Though apprehensive at first I found myself relaxing a bit as brunch unfolded. It was abundantly clear Ms. Friedman and Marcie had known these men for years. And for a second I managed to get a warm reminder of the beauty that came from being around family. After the delicious meal the others gravitated towards the living room whilst I opted to help Marcie with the dishes. It was only fair I offer a hand in cleaning up. "So…" I breathed briefly glancing in Marcie's direction who was currently scrubbing a pan, "they seem nice."
She looked up smiling back at me, "They're all good guys once you look past the tough guy exterior. Between you and me, Leo is secretly a real softy," she paused looking at the door as if to ensure to that no one was eavesdropping until she looked back at me smiling like a Cheshire cat, "one time I caught him crying when we watched Titanic." Giggling lightly the idea of seeing a buff man like him shed a tear was a hard image to form in my head, "Well only a heartless person would keep a straight face through a scene like that. I've only watched it once but I am never watching it again. I've never been into sad endings and to be honest I can't exactly deal with the idea of losing someone I love so deeply."

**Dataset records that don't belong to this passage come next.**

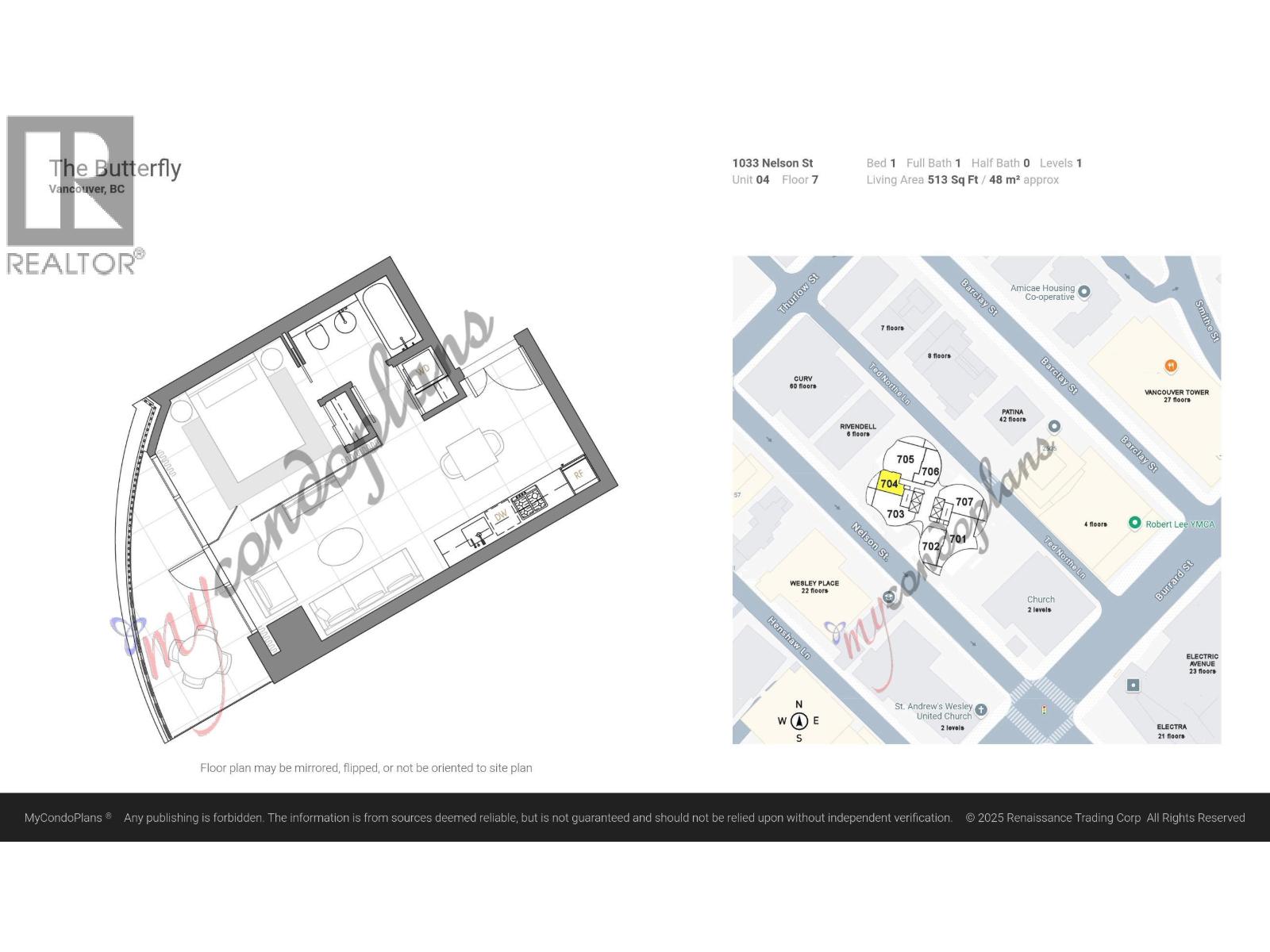 This Apartment is for sale in Vancouver and its located at 704 1033 NELSON STREET, Vancouver, British Columbia V6E0E5. This property's asking price is Call For Price. It has 1 Bedroom(s) and 1 bathroom(s). This property has 512 sqft covered area.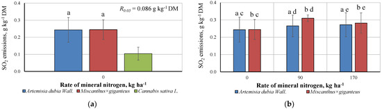 The dependence of SO2 emissions of Artemisia dubia Wall., Miscanthus×giganteus and Cannabis sativa L. not fertilized (a), on mineral nitrogen fertilization (b) (R0.05(A. dubia) = 0.104 g kg−1 DM, R0.05(M. giganteus) = 0.074 g kg−1 DM, R0.05(A. dubia × M. giganteus) = 0.071 g kg−1 DM. a, there are no statistically significant differences (p < 0.05) between the columns marked with the same letter, as assessed using the least significant difference.
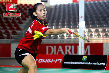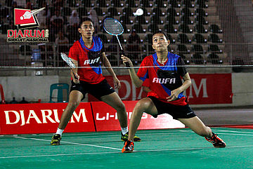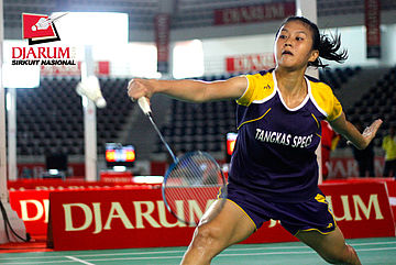 Tieke Arieda (Jaya Raya Suryanaga) mengembalikan shuttlecock ke arah Putri Muthia (Tangkas Specs).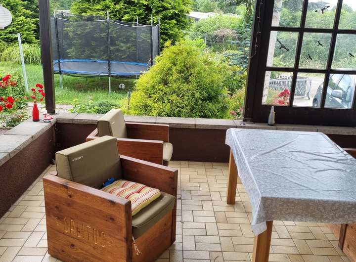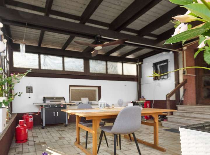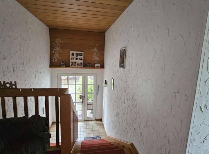 Die dritte Wohnung verfügt über 6 Zimmer und ca. 160 ². Dies verläuft sich ebenfalls über 2 Etagen. Im Erdgeschoss befindet sich eine kleine Küche, 2 Kinderzimmer, ein Gäste WC, sowie eine bedachte Terasse. Ebenfalls im Erdgeschoss befindet sich der Kellerzugang, in welchem sich der Heizungskeller befindet.
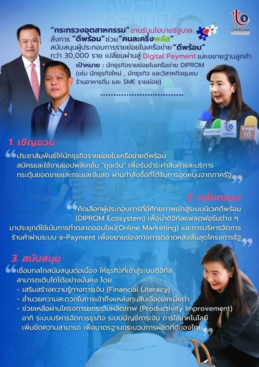 “ธนกร” สั่ง “ดีพร้อม” หนุนคนละครึ่งพลัส ตามนโยบายของนายกฯ เร่งผลักดันผู้ประกอบการรายย่อยเปลี่ยนผ่านสู่ Digital Payment และขยายฐานลูกค้า ผ่าน 3 ยุทธศาสตร์ “เชิญชวน-กลั่นกรอง-สนับสนุน”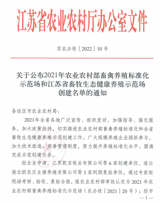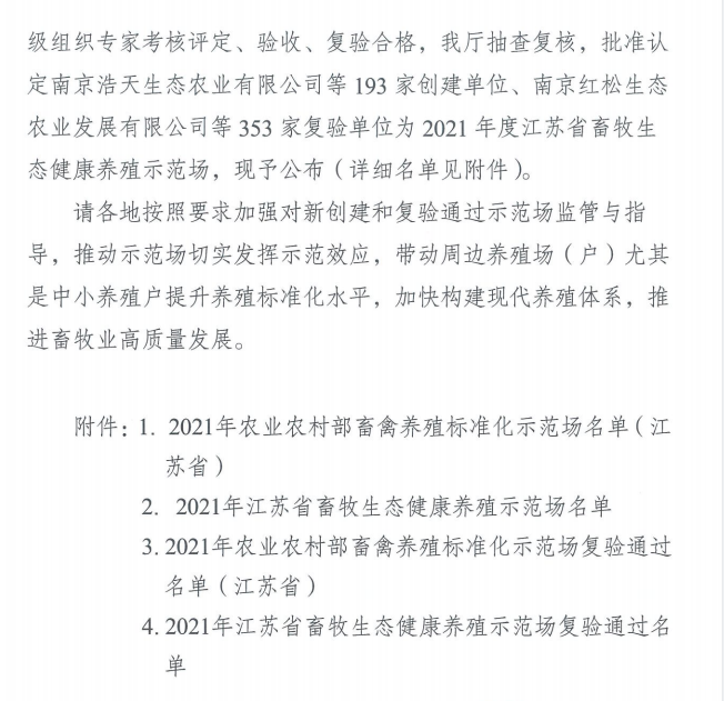 經市級組織專家考核評定、驗收、復驗合格,農業農村廳抽查復核,高郵鴨集團成功獲批江蘇省畜牧生態健康養殖示范場。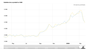 Le lingot d’or reste pour la seconde fois à 26 500 euro à Paris alors qu’il est sur le point de passer 26 800 euros à l’international. L’once d’or tourne autour de 1140 dollars US soit une contrevaleur de 833 euro.
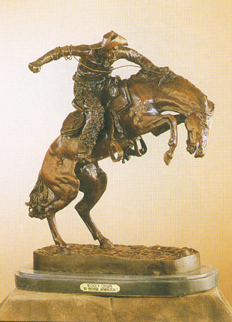 | Wooly ChapsThis piece Wooly Chaps, also known as the Bronco Buster, is the updated version of The Bronco Buster. When Remington learned how to make changes in the wax, when using the Lost Wax Casting Process, it enabled him to modify and perfect previous works. Each piece cast in Lost Wax Process is individual and unique in its own way. One is never the same as each is handmade by the artist and foundry workers. We still cast these bronzes in the traditional way that Remington used 100 years ago.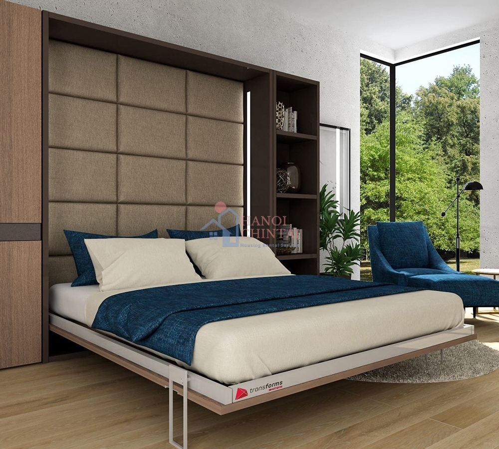 - Đối với không gian phòng ngủ. Mẫu nội thất thông minh cho phòng ngủ được ưu tiên lựa chọn hiện nay là giường ngủ thông minh đa chức năng dạng âm tường, hay giường tầng có thể xếp gấp lại hay che giấu sát tường khi không dùng đến hoặc dựng lên hệt như một chiếc tủ áo sẽ là giải pháp thích hợp nhất cho phòng ngủ có diện tích khiêm tốn.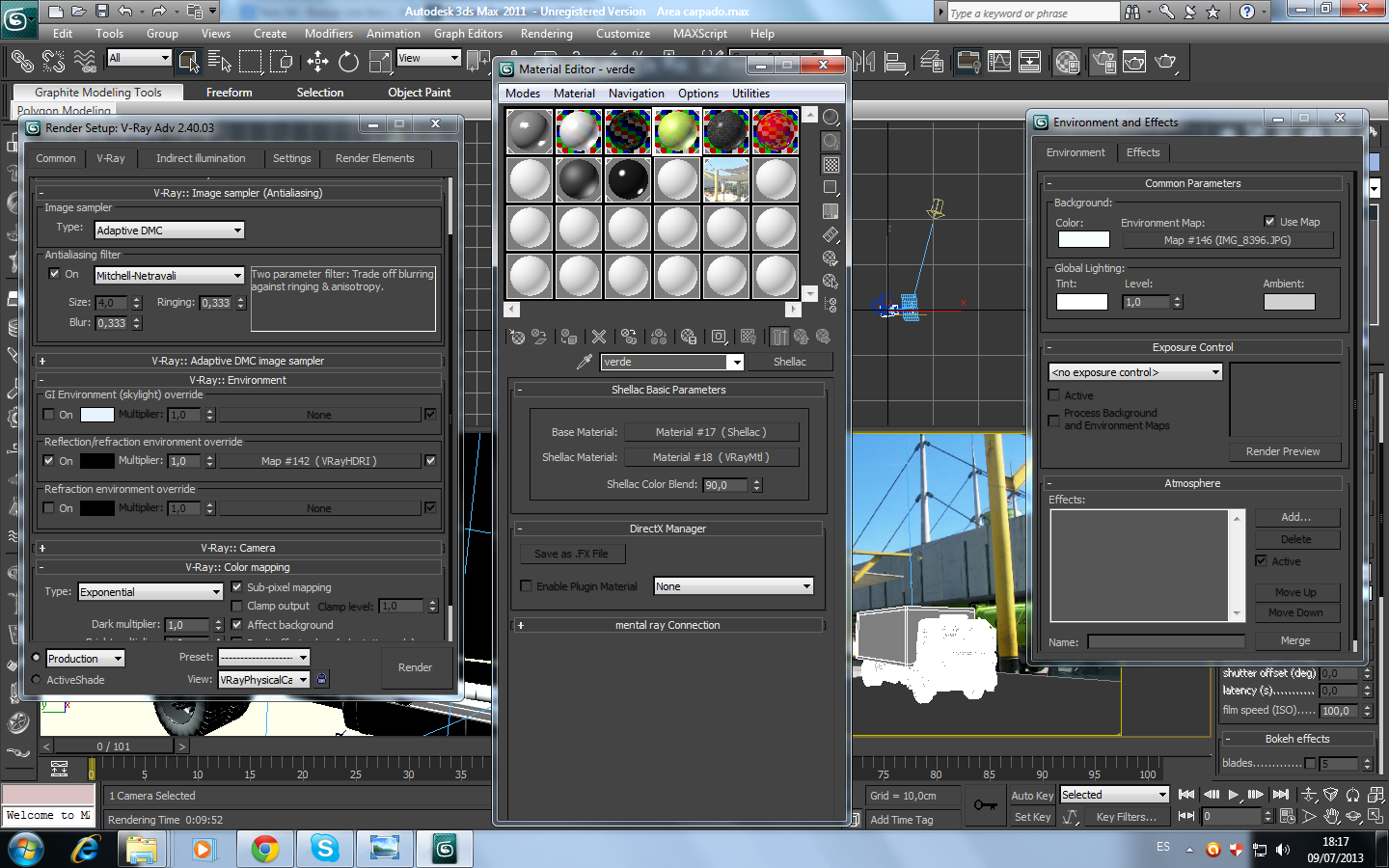Buen día amigos del foro 3d poder es primer vez que pido ayuda en el foro espero se claro para una solución a mi problema. Estoy trabajando una escena en la cual quiero integrar una fotografía con un carro 3d, lo estoy haciendo de la manera habitual es decir poniendo mi fotografía en el environment y en el viewport, escale la resolución de salida del mismo tamaño de la fotografía, y puse los materiales a mi objeto materiales metálicos de carro, lo que sucede a continuación es que cuando género el render mis materiales parecen tomar transparencia y tratan de asimilar el environment de la fotografía adjunto imágenes para quien tenga conocimiento me ayude, estoy usando Vray una luz target direct con Vray shadows.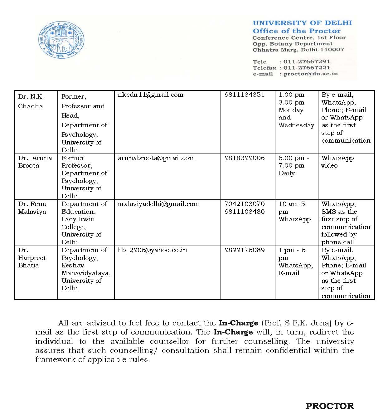 the University of Delhi on April 9, 2020, launched various 24x7 helpline numbers and email addresses for the student, faculty members and non-teaching staff experiencing mental health issues, stress and anxiety due to the nationwide lockdown to contain the spread of COVID-19.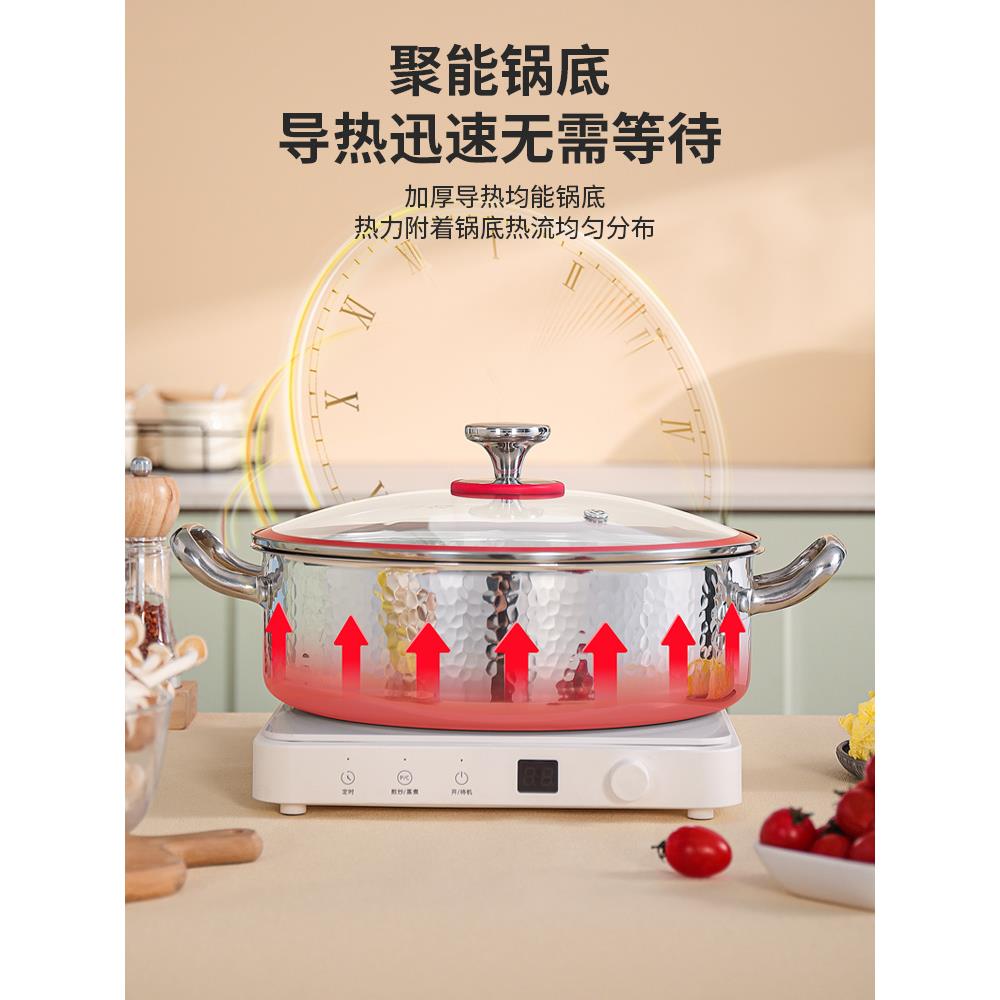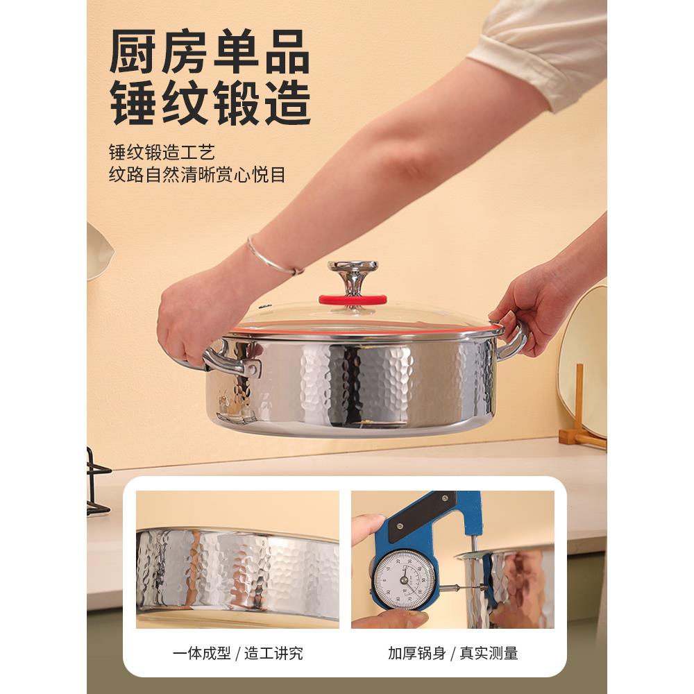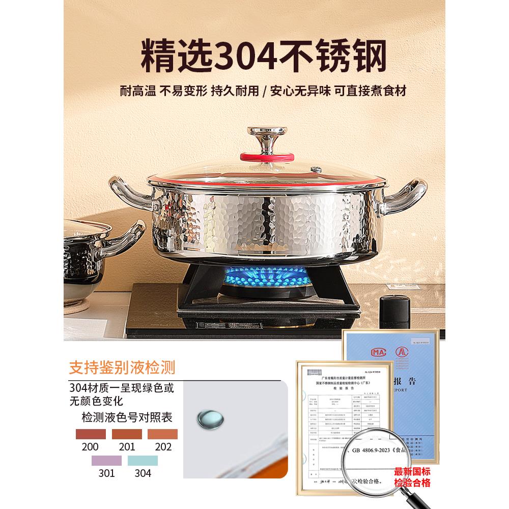 加厚304不锈钢锤纹鸳鸯锅清汤锅火锅家用电磁炉专用锅具火锅盆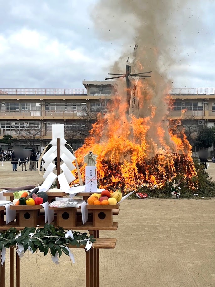 古くは鎌倉時代から続く正月明けの恒例行事でして、しめ縄、門松、書き初めなど縁起物を焼いてその火で餅や三色団子を焼いて食べると健康に良い・・・他にも色々地域によって違うそうですが、ざっと説明すると、こういうお祭りです^_^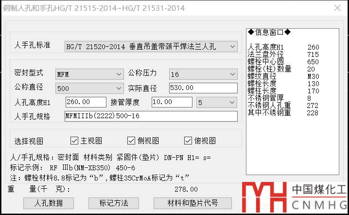 增加人孔規(guī)格的提示數(shù)據(jù)。包括人孔的數(shù)據(jù),標(biāo)記方法,材料和墊片代號。

A few seconds passed of utter silence, after placing some of the dishes away I turned to find her quiet all of a sudden catching me off guard given the lack of response and how she was just standing there by the sink. Eyes glazed over that I felt compelled to say, "Let me finish off in here," I offered moving towards her grabbing the sponge lathered in soap from her grasp. She blinked a few times landing back to reality plastering a faux smile that did nothing to steer me away from the concern that was slowly becoming a constant emotion I associated in relation to her, "I'm good, just thinking about something," she mumbled continuing with the task at hand.
Eyeing her for a little longer I chose to hold my tongue despite wanting to say something but I had to respect her space. My mother always told me that sometimes it takes time for people to open up to you with certainty that in the process of opening up you won't use their vulnerabilities against them. And so for the rest of the time we were in that room the conversation remained light blocking off the dark path looming just around the corner that in time we would eventually avail.